The Five Steps It Really Takes To Get Fit

By Jessica Poole, Certified Athletic Trainer

Ahhhh, it’s a new year. What are your resolutions? Mine, well I am human, so they are the same as last year and probably the same as yours:

Spend less, eat healthier and exercise more. Get back into shape for the upcoming-please-get-here-fast summer wardrobe.

Why wait another year? It’s time to make that resolution a habit and strive for a new, healthy lifestyle.


Today I want to offer you some basic information regarding the types and quantity of exercise we should aim for and remind those with a healthy lifestyle of the fundamentals. So here goes…

Physician clearance
Before beginning any new exercise program or making changes to a current program, make sure to clear the change with your doctor if you are:
Over the age of 40 or inactive
Have a chronic disease (heart or lung illness or disease)
Have a chronic orthopedic issue
Have shortness of breath, dizziness or fatigue when increasing activity levels.
Easily lose your balance
Have any concerns about health and beginning physical activity

What type of exercise do I need?
So here’s a quick run down of the types of exercise and how much we should complete to see a change in our well being.

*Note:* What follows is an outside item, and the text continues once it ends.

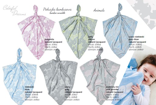 Красива ніжна унікальна пелюшка з бамбукової нитки BLUE-GREY ANIMALS з тисненим малюнком з останньої колекції COLORFUL DREAMS.
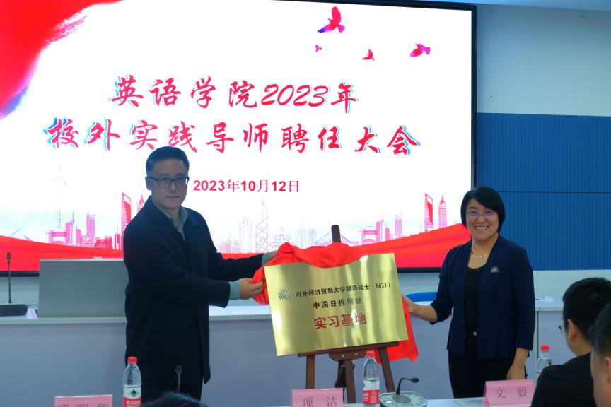随后,项洁书记与中国日报网人力资源部总监邢熙翔先生共同为MTI校外实践基地揭牌。中国日报网是中国日报社旗下企业,本次实践基地的揭牌为学院研究生进行多领域、多方向实践提供了又一坚实的保障。

(Remember, how hard you work determines the amount of change. Results vary per person and are dependent on a wide number of variables. If I do nothing, it shows in how much weight I gain and how poor my stamina becomes. If I work out, eat right, sweat and sweat hard, I loose weight look and feel stronger, and improve my heart and lung health.)

The recommendations according to the American College of Sports Medicine are as follows:
Cardiovascular Exercise (improves heart and lung function and main deliver of weight loss when eating a healthy diet)

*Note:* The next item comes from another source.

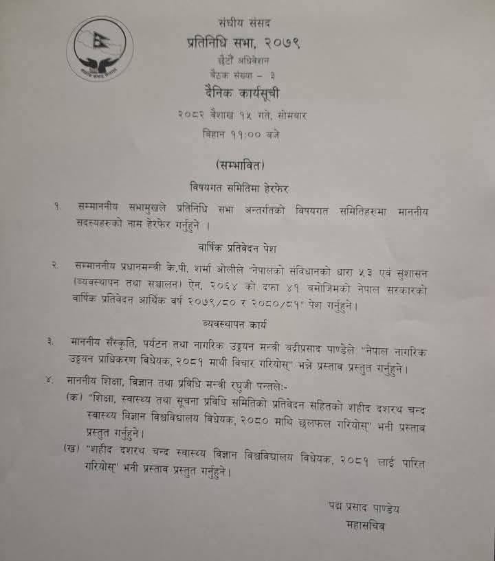 प्रतिनिधि सभाको सोमवार बिहान ११ बजेबाट सुरु भएको बैठकको कार्यसूचीको ४ नम्बरमा शिक्षा, विज्ञान तथा प्रविधि मन्त्री रघुजी पन्तले ‘शिक्षा, स्वास्थ्य तथा सूचना प्रविधि समितिको प्रतिवेदनसहितको सहिद दशरथ चन्द स्वास्थ्य विज्ञान विश्वविद्यालय विधेयक, २०८० माथि छलफल गरियोस’ भनी प्रस्ताव प्रस्तुत गर्ने र ‘सहिद दशरथ चन्द स्वास्थ्य विज्ञान विश्व विद्यालय विधेयक, २०८१ लाई पारित गरियोस’ भनी प्रस्ताव प्रस्तुत गर्ने कार्यसूची रहेको थियो। प्रतिनिधि सभाको बैठक शिक्षकहरुको आन्दोलन केन्द्रीत भएपछि विश्वविद्यालयको विधेयक प्रतिनिधि सभामा पेस नभएको हो। तर, प्रतिनिधि सभाको सोमवारको बैठकले संस्कृति पर्यटन तथा नागरिक उड्डयन मन्त्री बद्रीप्रसाद पाण्डेले नेपाल नागरिक उड्डयन प्राधिकरण विधेयक, २०८१ माथि विचार गरियोस भन्ने प्रस्ताव प्रस्तुत गरेकामा पारित भएको छ। सहित दशरथ चन्द स्वास्थ्य विज्ञान विश्वविद्यालयको विधेयक मङ्गलवार बिहान ११ बजेको प्रतिनिधि सभाको बैठकमा प्रस्तुत हुने दाबी गरिएको छ।

#1: Moderate intensity cardio exercise increases your heart rate to a target zone of 50-70 percent of your maximum heart rate. If you don’t want to do all the math, here’s a handy link that will calculate this for you: Target Heart Rate Calculator.

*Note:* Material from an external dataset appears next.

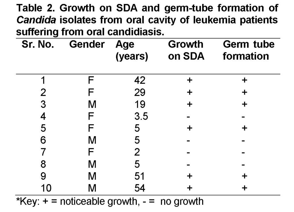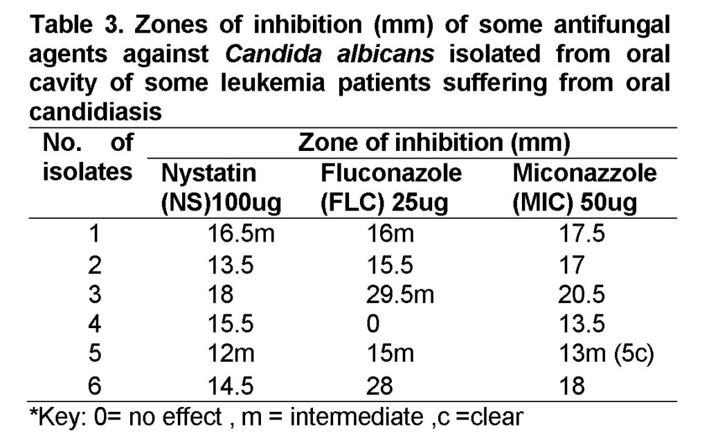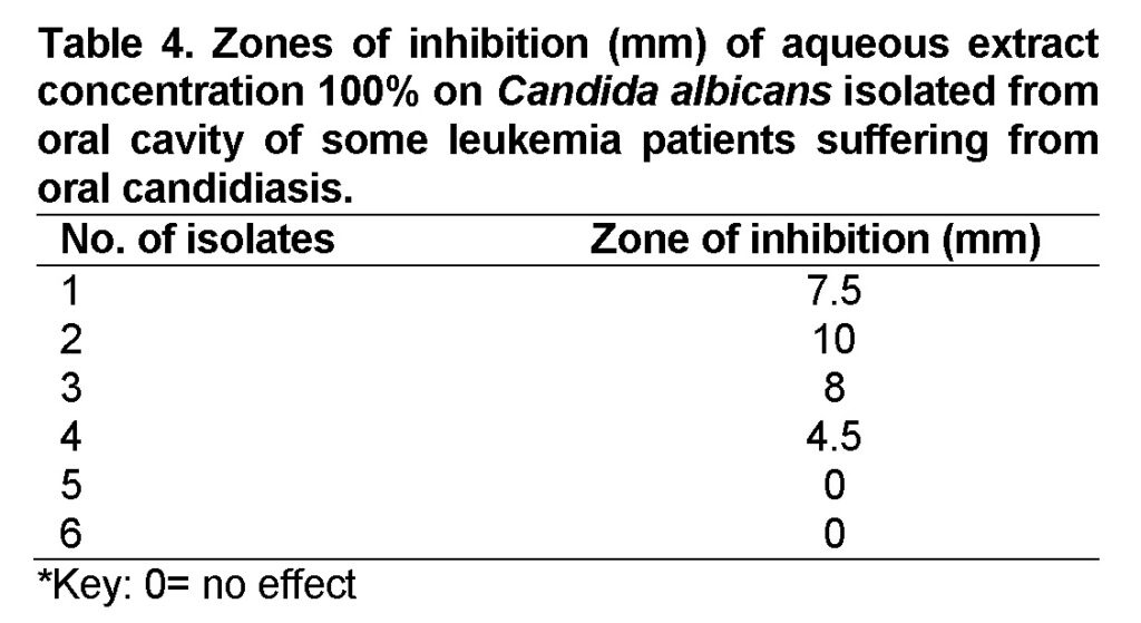 A total of 6 isolates of Candida albicans were purified from oral cavity of ten leukemia patients suffering from oral candidiasis. The results showed that six of the ten oral swabs gave noticeable and significant growth on Sabouraud’s dextrose agar SDA, while four of them didn’t give any growth on the same medium (Table 2). These four swabs were from leukemia patients aged between 2 to 5 years. So the negative results of these swabs maybe due to mistakes during sampling. The morphology of colonies on SDA of the six isolates were cream, smooth, pasty, and convex. Microscopic examination of the isolates showed budding cells that identify yeasts. Germ-tube test showed that all of the positive swabs were Candida albicans, that is approves with previous studies of Odds,1988; Sinnett et al., 1992; Raju and Rajappa, 2011who stated that C.albicans as the most frequently cultured Candida species from oral cavity.

If you want to do the math, to find your estimated maximum heart rate take 220 and subtract your age. For me that’s 220-36= 184. So my estimated maximum heart rate is 184. If I want to go for a moderate intensity run I am going to target my heart rate to be 65% of my max, or 119.

To keep your heart rate in the zone you want, while exercising, periodically check your pulse and either increase or decrease speed or change terrain to work harder or easier.
Aim to sustain this target heart rate for at least 30 minutes.

A simpler rule of thumb is the talk, not sing test. You should be able to talk but not sing. If you can sing, increase your intensity (speed, hilly terrain, resistance…) If you can’t talk, decrease your intensity.

Some examples of cardiovascular exercise are running, cycling, walking, swimming, singles tennis, skating, cross country skiing, etc.

How much moderate intensity exercise? Complete at least 30 minutes of moderate intensity exercise 5 days a week (150 minutes total of cardio work a week for moderate results)

#2: Vigorous intensity cardio exercise raises your heart rate 70-85% of your max heart rate (220-age, then multiply max by the percentage you want to exercise at and that is your target)

How much vigorous intensity cardio? At least 20 minutes of vigorous exercise, 3 days per week totaling 75 minutes of vigorous exercise.            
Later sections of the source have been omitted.